Мимо Заречья скорый на Москву проходит в 19:42. Не останавливается — незачем: платформа короткая, пассажиров трое, и все трое — Арина в разные годы своей жизни.

Она приходила сюда в двадцать, с чемоданом, туго перетянутым ремнём, — и не уехала, потому что мама слегла. Приходила в тридцать пять, уже без чемодана, просто посмотреть, как окна вагонов сливаются в одну золотую полосу, — и вернулась домой варить компот.

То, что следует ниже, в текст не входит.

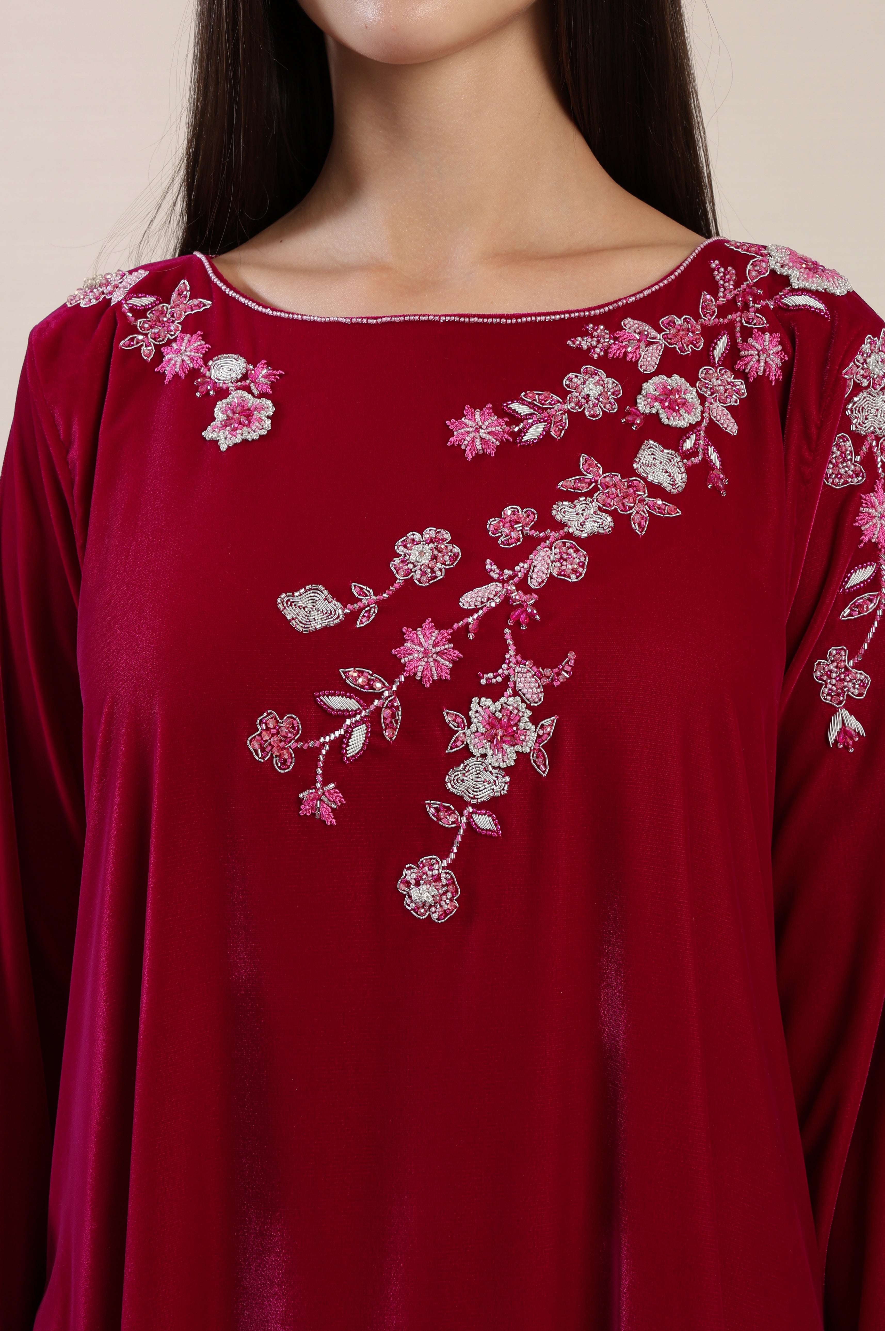 Elevate your evening wardrobe with this striking barberry velvet dress designed for women who appreciate bold elegance and refined craftsmanship. Crafted from rich velvet fabric, this dress offers a smooth, luxurious texture while maintaining a graceful and modest silhouette perfect for festive gatherings and formal occasions. The neckline and upper bodice are beautifully enhanced with intricate floral beaded handwork, adding shimmer and delicate detailing that elevates the overall design. The sleeves feature elegant hanging embellishment accents that introduce movement and a refined finishing touch. Soft tulle panels along the sides add dimension and contrast, creating a subtle layered effect that enhances flow and sophistication. Perfect for celebrations and evening events, this dress blends rich color, handcrafted detail, and graceful structure to create a memorable statement look.
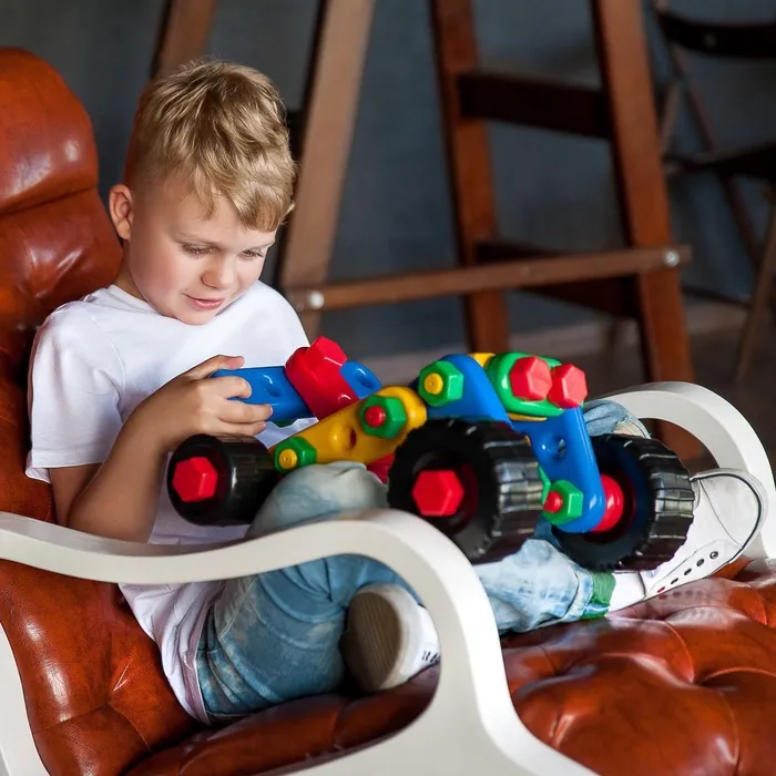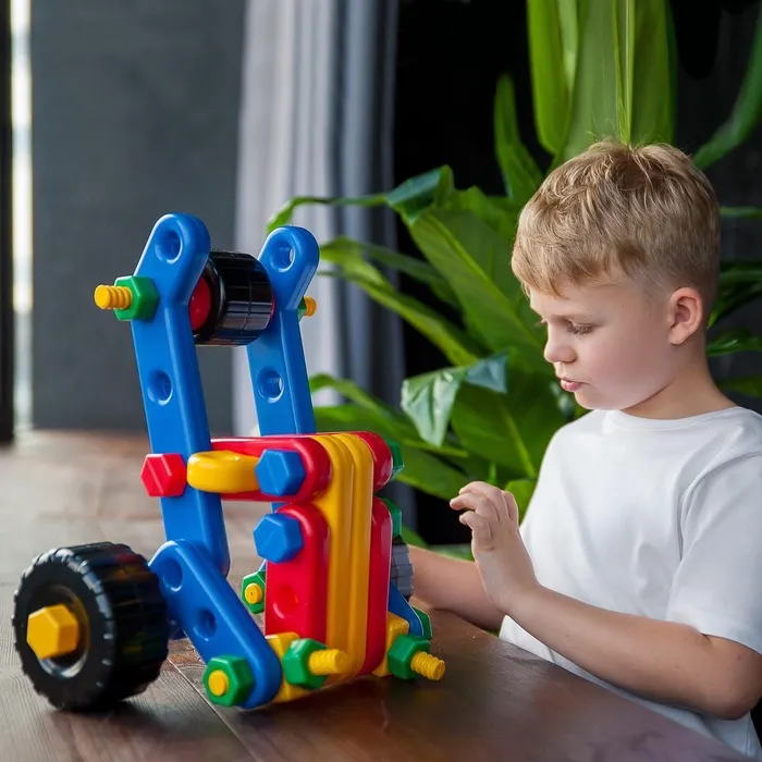 Конструктор помогает формировать пространственное мышление, координацию и усидчивость. Ребёнок учится работать по инструкции и создавать собственные механизмы.

И вот приходит сейчас, в пятьдесят три, с батоном в сетке и творогом, потому что магазин у станции, а поезд — просто мимо.

Девятнадцать сорок две. Свист, тёплый вихрь, летящая полоса света — и снова тишина, в которой слышно, как в репродукторе на столбе кто-то дышит.

— Опять стоишь, — говорит Валентина, кассир. — Романтика.

— Воздух свежий, — отвечает Арина.

Дело в том, что Арина умеет. Это не самообман и не деревенское «а у нас Люба тоже поёт». Она правда умеет. Двадцать восемь лет в Заречинском Доме культуры, детский театр «Апрель», две поездки на областной смотр, диплом, который висит в коридоре и уже выцвел до цвета чая. Она умеет вытащить из тринадцатилетнего пацана с ободранными коленками такого Тиля Уленшпигеля, что бабки в третьем ряду плачут в кулак. Умеет из марли, ниток и клея ПВА сделать море. Умеет держать зал.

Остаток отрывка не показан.